A temperature probe, or sensor, as indicated in dashed lines by reference numeral

21 is typically positioned on the hot water cylinder 12 to measure a temperature of a liquid, such as water, for example, in the hot water cylinder 12. The temperature probe 21 can be in the form of, for example, a PT 100 temperature probe, or the like. The temperature probe 21 is operatively connected to the control box 14 by lines 12.1, 12.2. Monitoring means, generally indicated by reference numeral 23, in the control box 14, is operatively associated with the temperature sensor 21 through lines 12.1, 12.2. The monitoring means 13 is arranged to determine a temperature and a heating rate of the water in the hot water cylinder 12.

The remote indication device 16 includes an on/off button 18, a digital display 20, a timer button 22, a setting button 24, a heating/standby indicator 26, an on/off indicator 28 and a timer indicator 30. The indicators, 26, 28, 30 are typically in the form of LED's (Light Emitting Diodes). By means of the on/off button 18, a user can cause electrical current supply, or power, to a heating element 25 of the hot water cylinder 12 to be switched selectively on or off. Electrical current supply is provided to the heating element 25 through lines 27.1 and 27.2 extending from the control box 14 to the heating element 25. In the case where the user is going to be away for an extended period, the user can use the button 18 to switch off electrical power supply to the hot water cylinder 12 while he, or she, is away, thereby to save on electrical consumption. The button 18 can then be used to switch on electrical current supply to the hot water cylinder 12 when the user returns .

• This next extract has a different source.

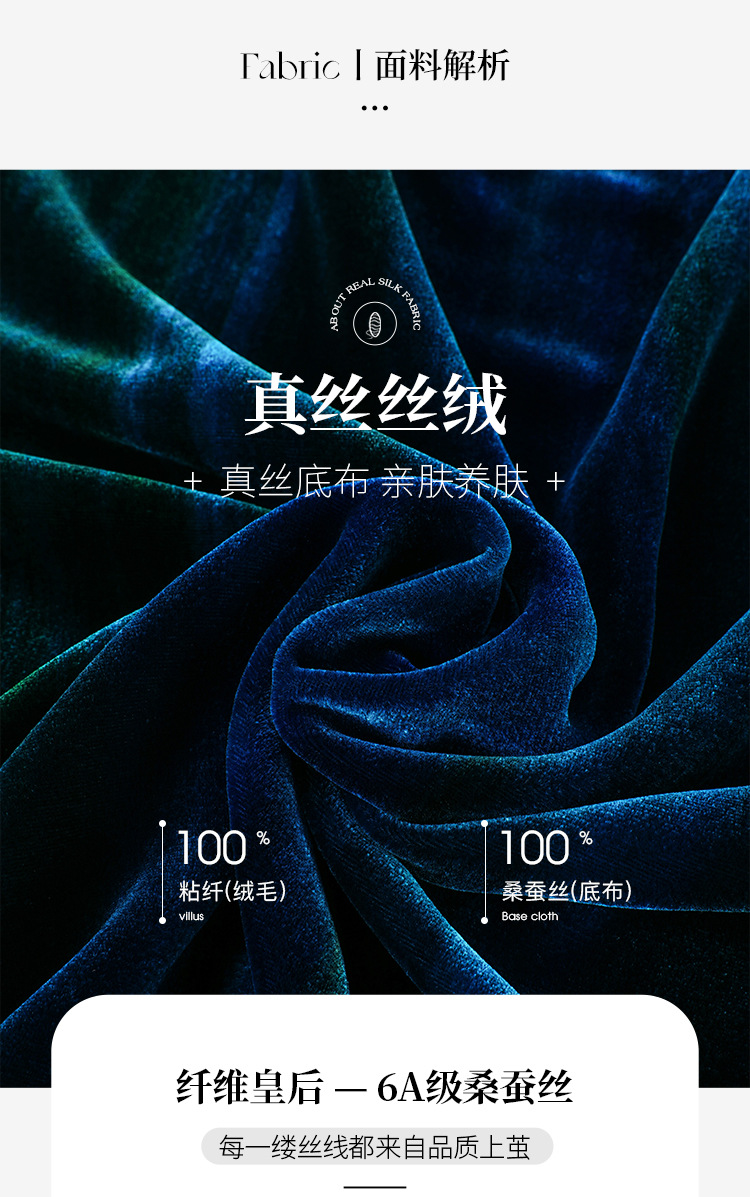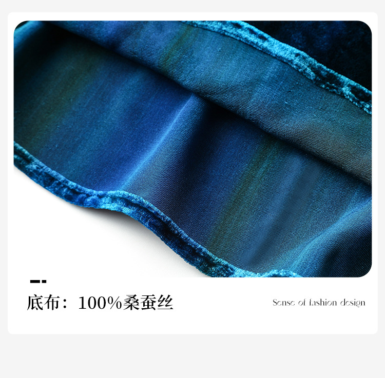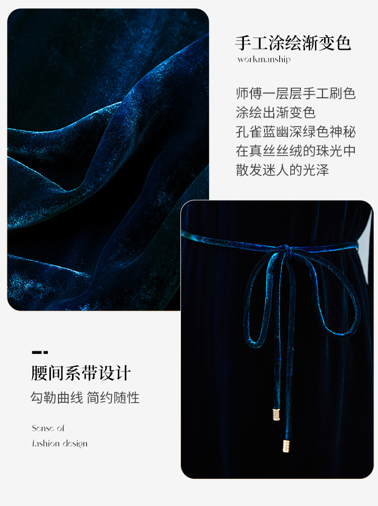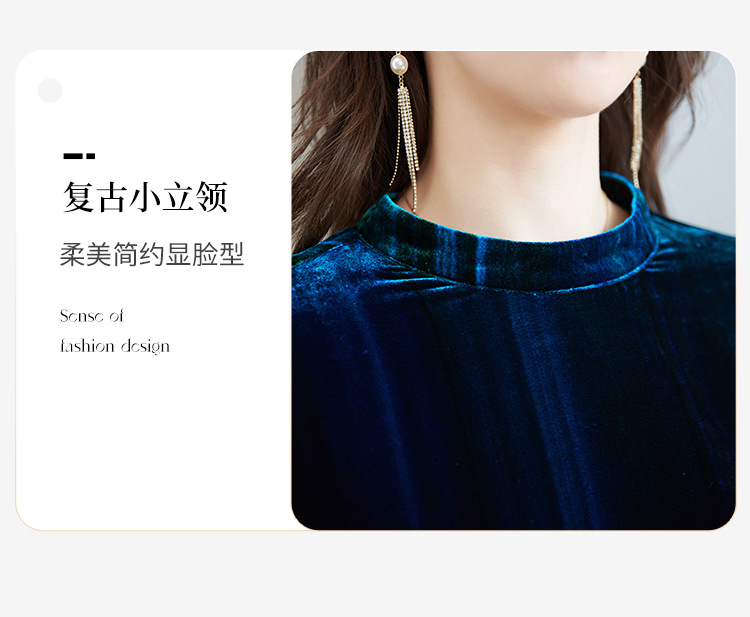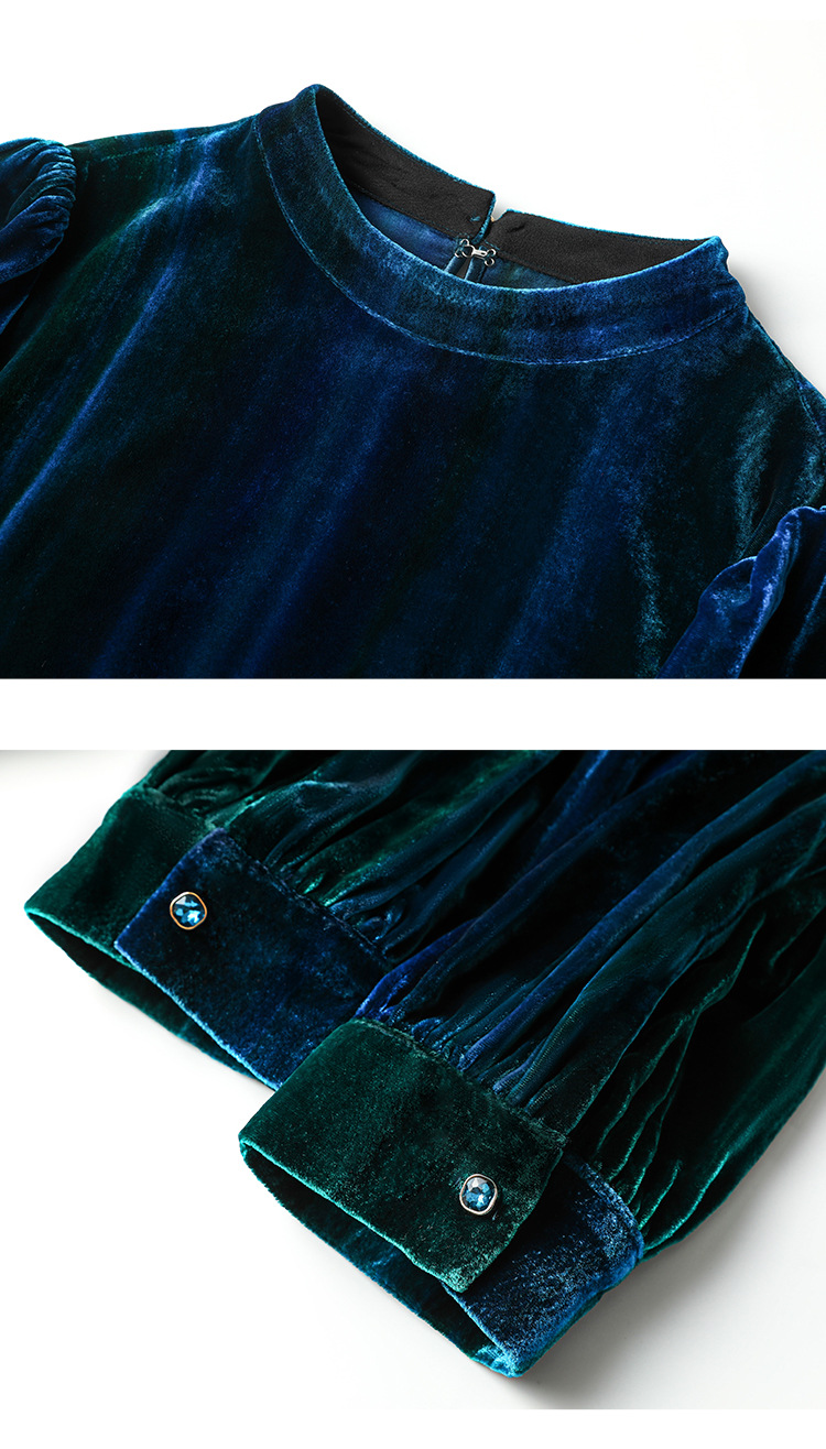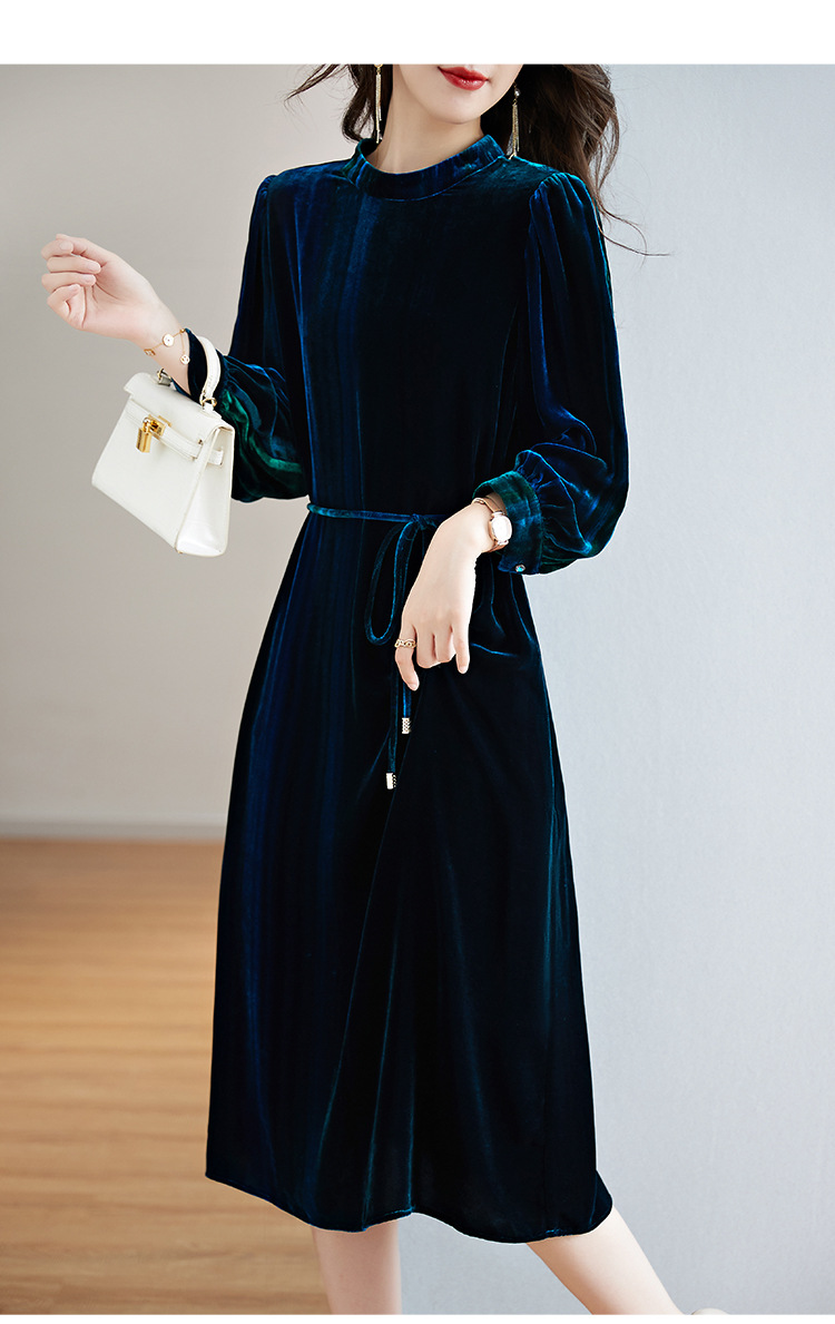 真丝丝绒连衣裙腰间系带孔雀蓝复古立领中长款蚕丝裙ZS-9123

When electrical current supply is supplied to the heating element 25 of the hot water cylinder 12, the indicator 28 is typically on and generates a distinctively coloured light, such as, a red coloured light, for example. When electrical current supply to the heating element 25 of the hot water cylinder 12 is interrupted, the indicator 28 is typically on and generates a distinctively coloured light, such as, a green coloured light, for example. Instead, the indicator 28 can be switched off when electrical current supply to the heating element 25 of the hot water cylinder 12 is switched off. The indicator 26 is typically on to generate a distinctively coloured light, such as a red coloured light, or the like, for example, so as to indicate that the heating element 25 of the hot water cylinder 12 is on and busy heating water in the hot water cylinder 12 to a desired set temperature. When the heating element 25 is switched off, such as, when a set water temperature in the hot water cylinder 12 has been reached, the indicator 26 typically changes to generate a distinctively coloured light, such as a green coloured light, for example, to indicate that water in the hot water cylinder 12 is at a set temperature.

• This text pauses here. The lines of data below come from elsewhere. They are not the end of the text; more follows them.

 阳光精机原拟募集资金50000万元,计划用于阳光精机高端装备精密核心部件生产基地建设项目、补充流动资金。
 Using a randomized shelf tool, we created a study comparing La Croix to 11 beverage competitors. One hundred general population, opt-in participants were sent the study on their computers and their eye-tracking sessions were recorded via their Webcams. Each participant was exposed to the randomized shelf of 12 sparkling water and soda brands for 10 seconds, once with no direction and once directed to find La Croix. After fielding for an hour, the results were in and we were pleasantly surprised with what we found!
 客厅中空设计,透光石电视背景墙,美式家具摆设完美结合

The setting button 24 is typically used to set a desired temperature to which water in the hot water cylinder 12 is to be heated. The display 20 normally displays a temperature of water in the hot water cylinder 12 as measured by the temperature sensor 21. When the setting button 24 is pressed and released, the display 20 typically shows a set temperature in a flashing fashion. To adjust the set temperature, the button 24 is pressed repeatedly until a new desired set temperature is displayed on the display 20. As the button 24 is pressed repeatedly, the temperature displayed on the display 20 typically increases incrementally, such as in steps of 5°C, or the like, for example, between a range of between about 30⁰C to about 85°C, for example. When 85⁰C is reached, the display returns to 30⁰C. In this way, a user can select a desired temperature to which water in the hot water cylinder 12 is to be heated by pressing the button 24 until the desired temperature is displayed on the display 20. After a pre-determined length of time after the button 24 has been released, such as 8 seconds, or the like, for example, the display 20 switches automatically to again display the measured temperature of the water in the hot water cylinder 12.

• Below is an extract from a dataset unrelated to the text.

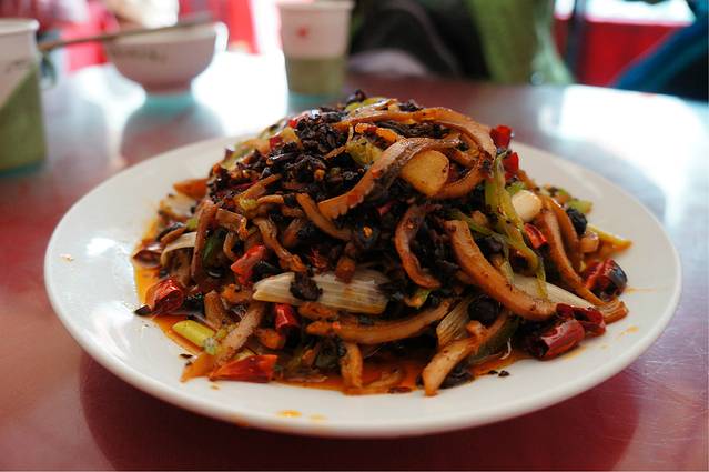 今天睡到自然醒(其实没有),起床整理行李,一直到12点check out,寄存了行李,我们能有什么出息呀,又是去吃午饭啦!来成都一定要吃苍蝇馆子啊,我们去了一家号称成都坡姐推荐的馆子,离得不远,步行过去,顺路又买了些带回去的土特产。

The system 10 is provided with a timer to enable a user to cause electrical current supply to be supplied to the heating element 25 of the hot water cylinder 12 at a set time in the future. By making use of the timer, a user can switch off electrical current supply to the hot water cylinder 12 and cause electrical current supply to be resumed at a time in the future. For example, if a user is going to be away for a relatively long period of time, electrical current supply can be switched off and the timer can be used to cause electrical current supply to be resumed automatically shortly before the user's return. In this way, electrical consumption can be conserved.

To operate the timer, the button 18 is pressed to switch off electrical current supply to the heating element 25 of the hot water cylinder 12. The timer button 22 is then pressed and a time is then displayed on the display 20 in a flashing fashion. The button 22 can then be pressed repeatedly to increase the time displayed on the display 20. When the button 22 is pressed after three seconds, the displayed time is decreased. If the button 22 is released, the time on the display 20 will be set after a predetermined length of time, such as, 8 seconds, or the like. The measured temperature of the water in the hot water cylinder 12 is then again displayed on the display 20. In this way, the user can cause electrical power to the heating element 25 of the hot water cylinder 12 to be cut and to resume after a predetermined length of time. To see how much of the set time on the timer is left, the timer button 22 is typically pressed once. The remainder of the set time on the timer is then displayed on the display 20. After a predetermined length of time, such as, 8 seconds, or the like, for example, the display 20 again displays the measured temperature of the water in the hot water cylinder 12. After the set time on the timer has lapsed, the normal operation of the hot water cylinder 12 is resumed automatically.

To cancel the timer before the set time has lapsed, the on/off button 18 is pressed once, thereby to cause normal operation of the hot water cylinder 12 to resume. When the system 10 operates under the timer, the indicator 30 is typically switched on to generate a distinctively coloured light, such as yellow coloured light, or the like, for example. The timer can make provision for a time period of between 1 to 99 hours, for example.

The system 10 makes provision for operative association with a domestic load control device. Such a domestic load control device can be in the form of, what is colloquially referred to as, a ripple receiver, or a radio receiver, or the like. Signal receiving means, in the form of a domestic load control device, or ripple receiver, is shown in Figure 1 of the drawings as indicated by reference numeral 15. The signal receiving means, or ripple receiver 15, is arranged to receive a signal to interrupt electrical current supply to the heating element 25 of the heating device 12. It is envisaged that in view of increasing electrical power demands, that a system will be implemented where a governing authority, such as a municipality, or an electrical power supply company, or the like, can cause such domestic load control devices to be installed in homes so that electrical power to hot water cylinders can be cut during peak electrical power demand periods. This can be achieved by a ripple signal through electrical lines 17, 19 supplying electrical current to the heating element 25 of the hot water cylinder 12, or by means of a radio transmitter/receiver arrangement, or the like.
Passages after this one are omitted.